Печатник увидел огромного ворона с окровавленными перьями, мелькающего среди веток. И тут же в него полетели полупрозрачные стрелы, оставляющие на деревьях белый иней. Саня даже не стал кричать Асе, чтобы она прекратила. Ведь могла убить Пентти. К тому же ворон, пусть и тяжело взмахивая крыльями, довольно скоро растворился в листве.
Саня знал, Врановой не вернется. Он исполнил ровно то, что и задумывал. Лишил всех рубежников воеводы возможности найти его, используя обманку.
Однако все мысли унеслись прочь, когда истекающий кровью Компас стал извиваться на земле, подобно ужу, которого бросили на сковородку. Впрочем, любое сравнение меркло перед реальностью.
Каждый рубежник знал, что нет ничего страшнее, чем оставленный хист в умирающем теле. Промысел заставит испытать такую боль, которой можно лишь пугать врагов. И единственная мысль, терзающая тебя, будет — как избавиться от хиста.
Если рубежник умирает от болезни или наложенного проклятия, то боль станет не такой сильной. Хотя вполне ощутимой. И чем ближе конец, тем явственнее станут ощущаться страдания.
К сожалению, рубежники не взяли с собой кандидата на промысел из какой-нибудь богатой дворянской семьи. Потому что они были жестоки и расчетливы. И оказались готовы к тому, чтобы Врановой, мучимый болью и ужасом, рассказал им все про свои возможные секреты, про спрятанные артефакты и прочие нужные вещи.
Теперь же собственное коварство обернулось против них.
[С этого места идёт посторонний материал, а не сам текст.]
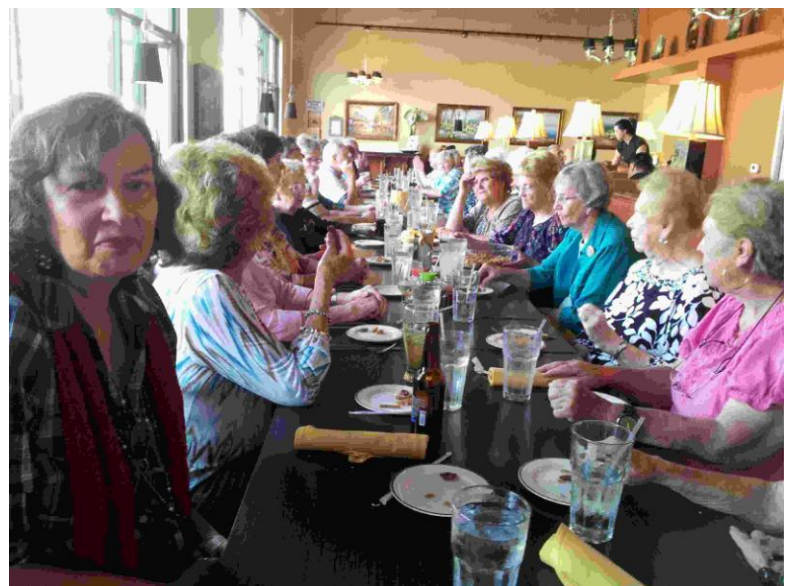
Diner's Lunch at Thai Orchid, November 8

Капилляры в глазах Компаса полопались, несмотря на открытую рану вены вздулись, из ушей и носа потекла кровь, ногти растрескались и посерели. Тело не справлялось с возросшим на него давлением.
Смотреть на рубежника было больно. Единственный, кто не мог отвести взгляда, оказался Моровой. Он смотрел на погибающего товарища с вожделением маньяка, который прижал свою жертву к стене.
Печатник сплюнул еще раз. Ему было мерзко от того, что он собирался сделать. Однако поступить «по совести» или «благородно», казалось даже не глупостью, а скорее никому не нужной блажью.
Он склонился над Компасом. Так, чтобы несчастный зафиксировал его в фокусе своего внимания. Легонько дотронулся и произнес.
— Скажи, где твой схрон и обретешь быструю смерть. Мы поможем, Компас, скажи.
При жизни, этот коренастый крепыш был упертым мужиком. Не существовало силы, которая бы поколебала волю Компаса. Кроме хиста. Промысел всегда все расставлял по своим местам. Обретая великую силу, люди понимали настоящую цену дружбе, словам, поступкам.
Потому теперь у Компаса не было другого варианта. Все его мысли свелись к тому, чтобы поскорее покончить с этими невероятными мучениями. Смерть, о которой он раньше думал как о чем-то странном, представала подарком в яркой обертке. Самым желанным, чего можно хотеть в этой глупой и несчастной жизни.
И Компас рассказал. Все, за несколько секунд. Коротких для Сани и невероятно длинных для умирающего. Он тараторил так быстро, как только мог.
Компас и не думал обманывать. Ради чего?